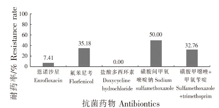 因中国渔业渔政管理局发布的SC/T 7028—2022《水产养殖动物细菌耐药性调查规范 通则》只列出细菌对氟苯尼考、盐酸多西环素、磺胺甲噁唑+甲氧苄啶、磺胺间甲氧嘧啶钠、恩诺沙星5种抗菌药物的耐药性判定参考值(S=敏感,I=中敏,R=耐药)[14],以及美国临床和实验室标准协会(CLSI)发布的药物敏感性及耐药性标准中也只有针对这5种药的数据,因此本文作耐药性分析时,不将硫酸新霉素、甲砜霉素、氟甲喹3种抗菌药物纳入统计。判别标准及菌株耐药率计算如下:
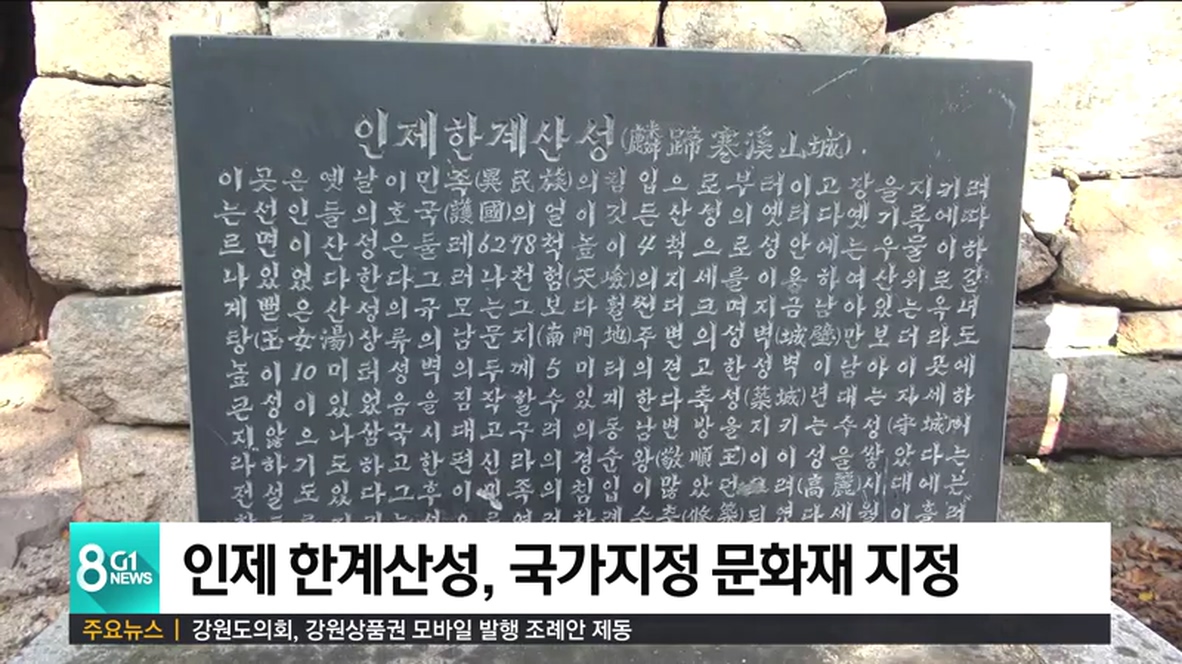 인제 한계산성이 오는 21일 국가지정 문화재 사적 533호로 지정·고시될 예정입니다.
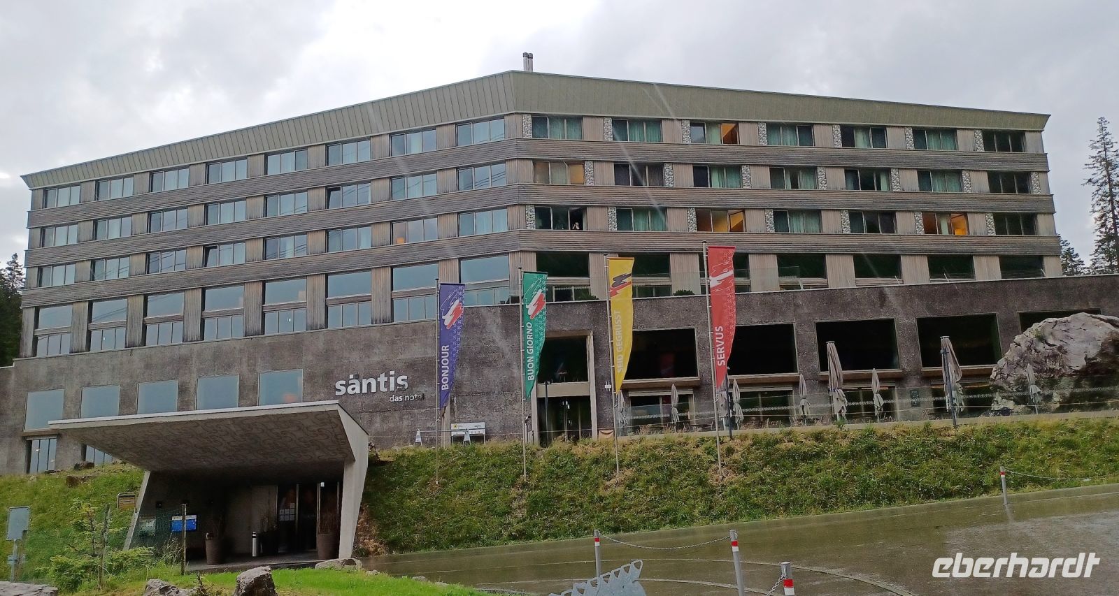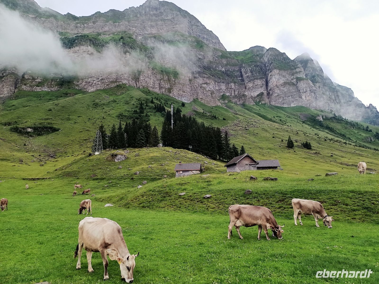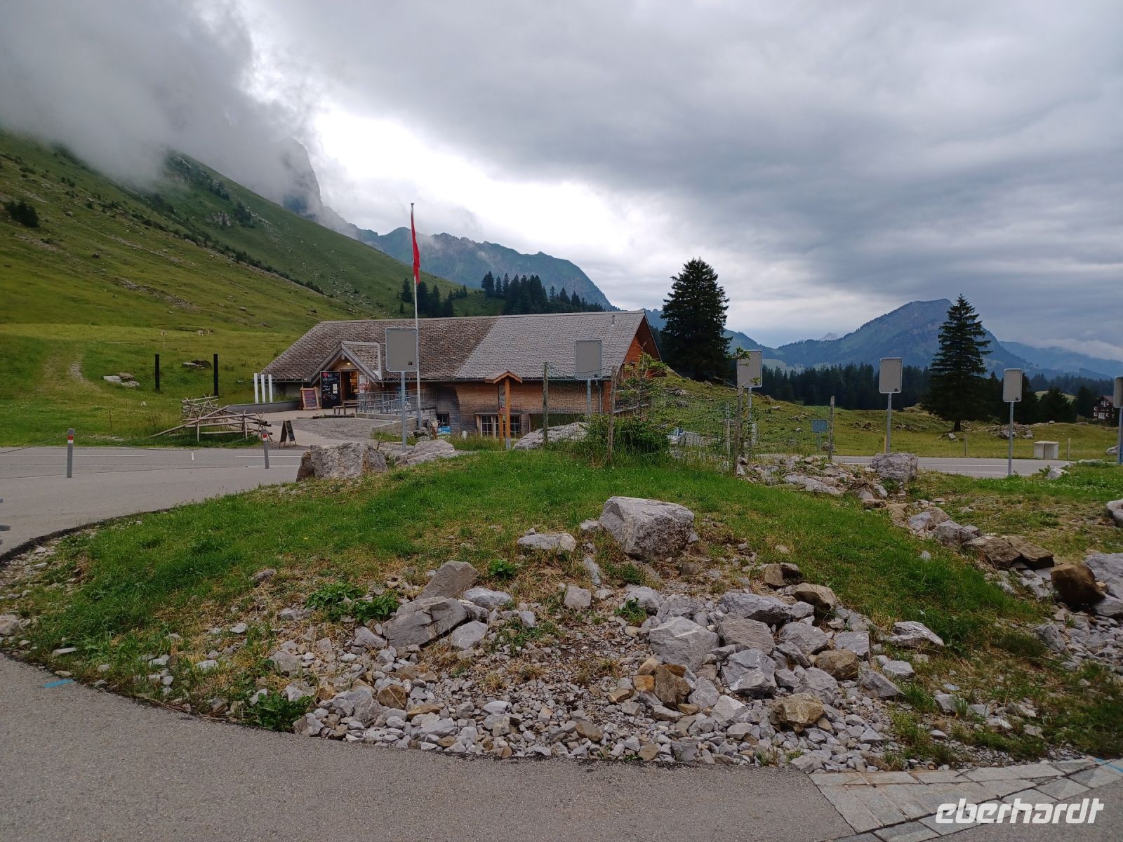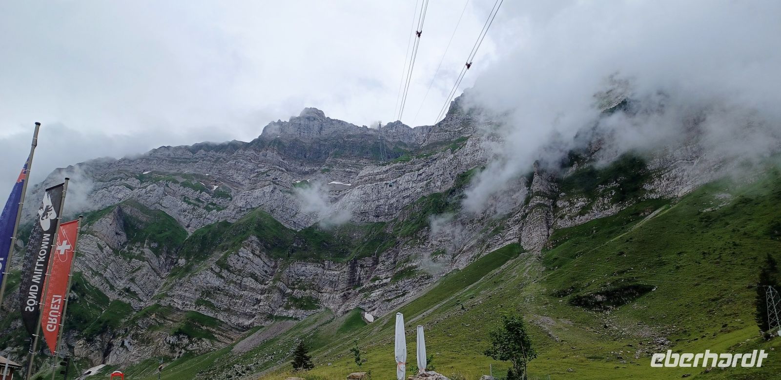 Nun sind noch einige Kilometer zurückzulegen. Am Zürich-See entlang kommen wir später durch das Toggenburg, auch hier wird Landwirtschaft betrieben, ebenso an unsrem Zielort auf der Schwägalp, am Fuße des Säntis. Hier empfängt uns das Gebimmel der Kuhglocken. Diese Musik ist doch so typisch für die Alpen. Aber bald ziehen auch hier dicke Wolken auf; es regnet und blitzt, der Donner bricht sich an den Bergen und kommt als ein zahlreiches Echo zurück. Dieser Aufruhr der Elemente ist irgendwie faszinierend und er zeigt uns die Macht der unbändigen Natur in aller Deutlichkeit.
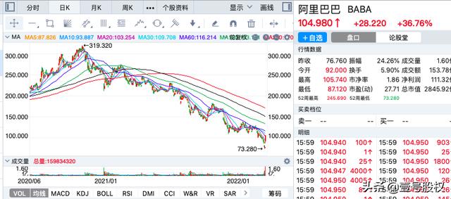 那么阿里巴巴的股价会下跌吗?虽然阿里股价获得了这么大的反弹,但从绝对值来看,目前只有105美元,还不到上个月下跌前的低点。在上个月下跌之前,阿里巴巴股价已经在110美元的底线上方波动了两个月。如果不是最近因俄乌冲突被迫退市,阿里巴巴的股价还会在这个区间。
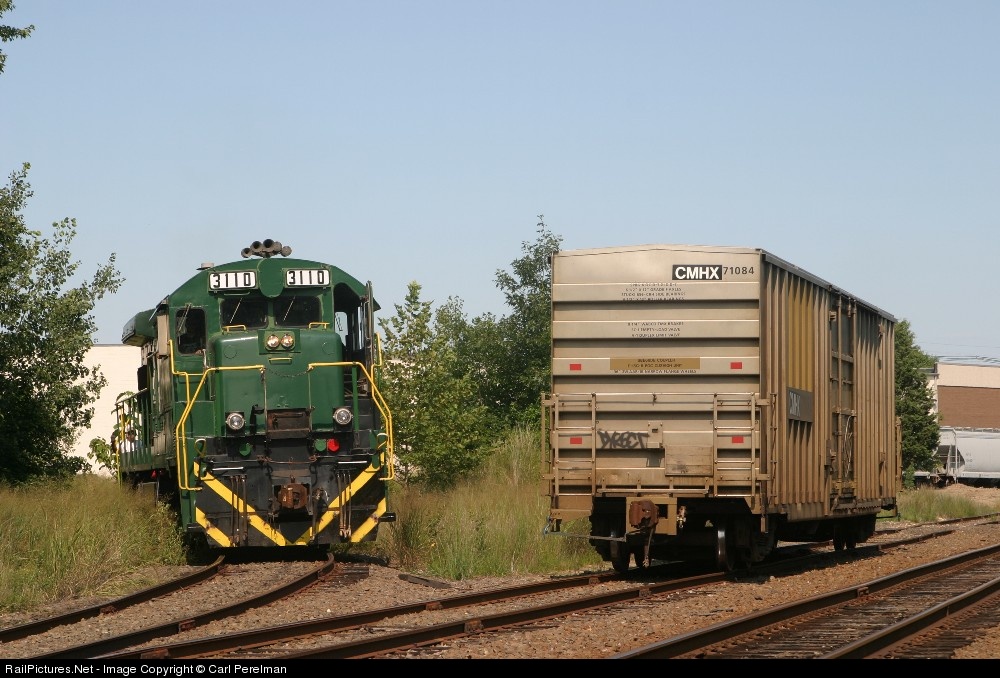 RCRY 3110 glides along the Vesuvio Food Company siding. To the right is a former Amtrak Mail Handling Car, now with the reporting marks CMHX.
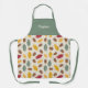 An apron with a pattern of acorn and its fall leaves on a light brown background and a customisable first name or text of your choice above on a greyish green background. A lovely gift for a friend who loves nuts. It could also be used in a store or in a garden when you're working!
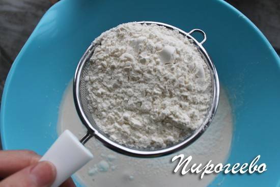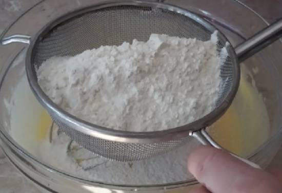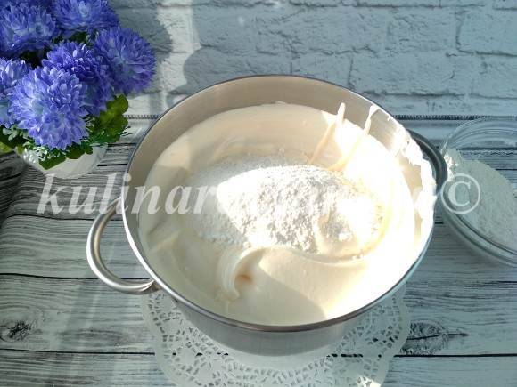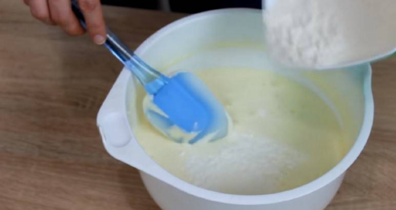 2. В яичную смесь ввести муку. Как было сказано выше: нужна нежность, надо максимально сохранить воздушность массы.
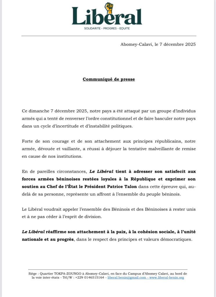 Coup d’état déjoué au Bénin : le parti Le Libéral salue la loyauté des FAB à la République
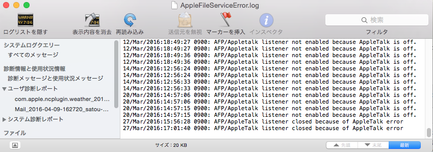 エラーログを検索 DirectoryService.error.log. Backup/87GAppleFileServiceError 2.log. AppleFileServiceError.log. 以上 3種類のlogがでました。
----
- _Work instruction_
Verbatim copy, pictures excluded: output the lines from the first line of the records above through the line containing "인제 한계산성이 오는".

- _Response to this task_
 因中国渔业渔政管理局发布的SC/T 7028—2022《水产养殖动物细菌耐药性调查规范 通则》只列出细菌对氟苯尼考、盐酸多西环素、磺胺甲噁唑+甲氧苄啶、磺胺间甲氧嘧啶钠、恩诺沙星5种抗菌药物的耐药性判定参考值(S=敏感,I=中敏,R=耐药)[14],以及美国临床和实验室标准协会(CLSI)发布的药物敏感性及耐药性标准中也只有针对这5种药的数据,因此本文作耐药性分析时,不将硫酸新霉素、甲砜霉素、氟甲喹3种抗菌药物纳入统计。判别标准及菌株耐药率计算如下:
 인제 한계산성이 오는 21일 국가지정 문화재 사적 533호로 지정·고시될 예정입니다.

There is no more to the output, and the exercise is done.